X, Y and Z in that order throws a tetrahedral die the first throws a 4 wins. The game continues indefinitely until someone wins. Find the probability that X wins, Y wins and Z wins.
outcomes: the last letter is a winner, Prob of each is found:
X = 1/4 = (1/4)
XY = (3/4)(1/4) = (1/4)3/4)
XYZ =(3/4)(3/4)(1/4) = (1/4)(3/4)^2
XYZX = (3/4)(3/4)(3/4)(1/4) = (1/4)(3/4)^3
XYZXY = ...
XYZXYZ = ..
XYZXYZX = (1/4)(3/4)^6
Prob that X wins
= (1/4) + (1/4)(3/4)^3 + (1/4)(3/4)^6
this is a GP with a = 1/4 , r = (3/4)^3
sum to infinity = a/(1-r)
= (1/4) / (1- 27/64)
= (1/4) / (37/64)
= (1/4)(64/37)
= 16/37
prob that Y wins
.....
follow my steps
To find the probability that X, Y, or Z wins the game, we can use the concept of geometric probability.
Let's start by finding the probability that X wins. X wins on the first throw by rolling a 4. The probability of rolling a 4 on a tetrahedral die is 1/4. Therefore, the probability that X wins on the first throw is 1/4.
If X doesn't win on the first throw, the game continues to the next player, Y. Now, for Y to win, X must not win, and Y must roll a 4 on their first throw. The probability that X doesn't win on the first throw is 3/4 (since there are three other numbers on the die). The probability of rolling a 4 on a tetrahedral die is still 1/4. Therefore, the probability that Y wins on their first throw is (3/4) * (1/4) = 3/16.

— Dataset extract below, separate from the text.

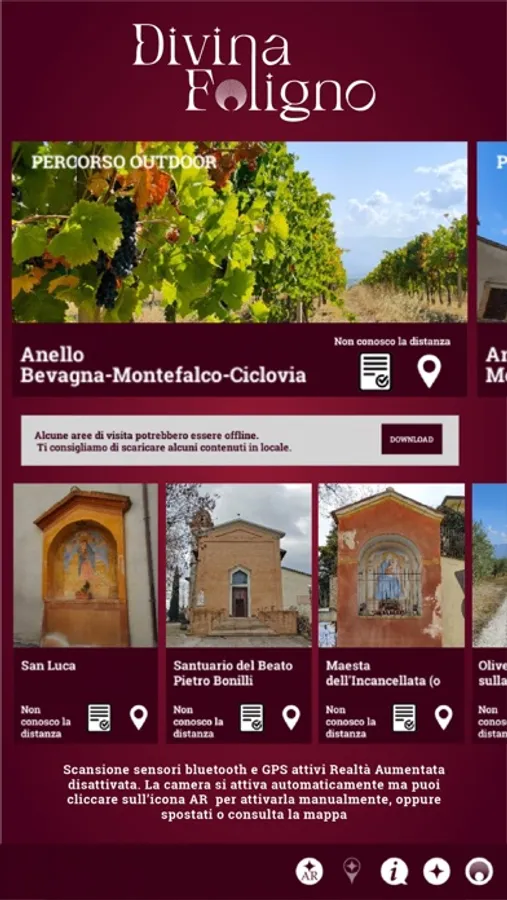 Divina Foligno ti consente di visitare il territorio in sicurezza ed autonomia, con una unica app potrai gestire la tua visita senza dover scaricare continuamente applicazioni in ogni luogo che frequenti.

If neither X nor Y win on their first throws, the game moves to Z. Similar to before, for Z to win, X and Y must not win, and Z must roll a 4 on their first throw. The probability that neither X nor Y win on their first throws is (3/4) * (3/4) = 9/16. The probability of rolling a 4 on a tetrahedral die is still 1/4. Therefore, the probability that Z wins on their first throw is (9/16) * (1/4) = 9/64.
We can continue this pattern indefinitely to find the probabilities of X, Y, and Z winning on subsequent throws. The probabilities form a geometric sequence, where each term is obtained by multiplying the previous term by (3/4) * (3/4).
The probability that X wins can be calculated as follows:
P(X wins) = (1/4) + (3/4) * (3/4)^2 + (3/4) * (3/4)^4 + (3/4) * (3/4)^6 + ...
The probability that Y wins can be calculated similarly:
P(Y wins) = (3/4) * (1/4) + (3/4) * (3/4)^3 + (3/4) * (3/4)^5 + (3/4) * (3/4)^7 + ...
The probability that Z wins can be calculated as follows:
P(Z wins) = (9/16) * (1/4) + (9/16) * (3/4)^2 + (9/16) * (3/4)^4 + (9/16) * (3/4)^6 + ...
Note that the sum of all these probabilities should be equal to 1 since the game will eventually be won by one of the players (either X, Y, or Z).
To calculate the exact probabilities, you can use a calculator or write a program to compute the infinite geometric series.